22/2/11Past ‘friends’ and how I would treat them/view them/use them for my own means or to get something. Regret at having used them, regret at having used them just for drugs and escapism

I forgive myself for accepting and allowing myself to participate in the construct of ‘friends’. I forgive myself for allowing myself to use ‘friends’ as a prop to support my ego. I forgive myself for having accepted and allowed myself to negatively and dishonestly abuse and use ‘friends’ for my own egoic purposes. I forgive myself for accepting and allowing myself to participate in the action of using friends to ‘get ahead’. I forgive myself for accepting and allowing myself to have participate in the action of using friends as a drug source (lol, can you see the irony?). I forgive myself for having accepted and allowed myself to use friends as an escape from myself

My desire to remain one step ahead of my brother in terms of weight loss. Always using/used him as a point of comparison

I forgive myself for accepting and allowing myself to participate in the belief that I must remain one step ahead of my brother when it comes to weight loss.

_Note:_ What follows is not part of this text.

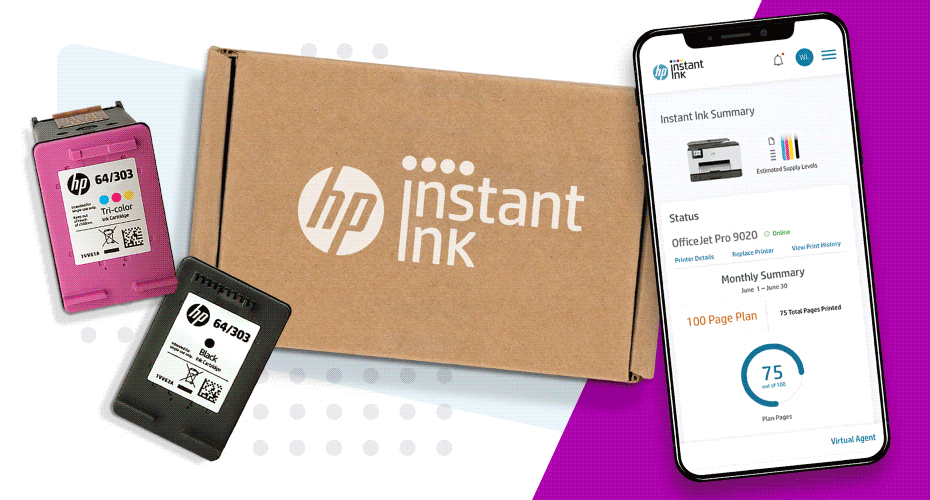 Ink delivered when you need1 it with HP Instant Ink. The hassle-free, money-saving ink subscription service. |

I forgive myself for accepting and allowing myself to use him as a point of comparison for myself. I forgive myself for accepting and allowing myself to participate in the belief that I must go into ‘lose weight constructs’ when I am around him. I forgive myself for accepting and allowing myself to be defined by the idea that I must lose weight. I forgive myself for accepting and allowing myself to define myself according to the desire to have a perfect body. I direct myself to stop all this bullshit. I direct myself to instead stand one and equal too my body, that’s enough.

My judging a friend as being evil and dishonest, thinking and believing that he will never ‘get it’

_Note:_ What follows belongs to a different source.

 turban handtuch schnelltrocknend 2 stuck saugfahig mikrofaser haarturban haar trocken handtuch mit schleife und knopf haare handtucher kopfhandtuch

I forgive myself for accepting and allowing myself to participate in the belief that my friend is the incarnation of pure ego. I forgive myself for accepting and allowing myself to participate in the belief that he is evil. I forgive myself for accepting and allowing myself to participate in the thought that he will never ‘get it’. I direct myself to stop all judgements towards him. I direct myself to observe myself closely for any hidden judgements I may have towards him, and I direct myself to write it out ASAP and forgive the thoughts specifically.

Deeply held beliefs on money and sexual energy.

I forgive myself for accepting and allowing myself to participate in the belief that sexual energy is akin to money. I forgive myself for accepting and allowing myself to be defined by this thought of equating sexual energy to money. I forgive myself for accepting and allowing myself to participate in pre programmed beliefs about sexual energy. I forgive myself for allowing myself to be defined by energy. I direct myself to observe when these points come up, and stop them accordingly.


When people see me after a long time the thought arises; damn, they must think that I have not changed at all, look how much they have changed, they have become successful and I am still the same boy that I was when I was young, they must think that im an unsuccessful looser.

I forgive myself for accepting and allowing myself to when people I have not seen for a long time appear before me, to go into the thought reaction of ‘they must think I have not changed at all’. I forgive myself for accepting and allowing myself to participate in the belief and desire that when these people appear before me I must show them that I have ‘changed’. I forgive myself for allowing myself to be defined by this desire to appear ‘changed’ in front of people from my past. I forgive myself for accepting and allowing myself to participate in the perception ‘oh they have changed so much, they have become successful, I am still me as I was, that must mean they think im a looser’. I forgive myself for allowing myself to participate in these thoughts. I forgive myself for allowing myself to be defined by these thoughts. I direct myself to observe when these points come up, to stop them, by standing one and equal too them, and realising that any negative feelings (or positive feelings) I may be having, are self generated and self allowed. I direct myself to stop these deep patterns as and when I see them. I direct myself to confront them fully.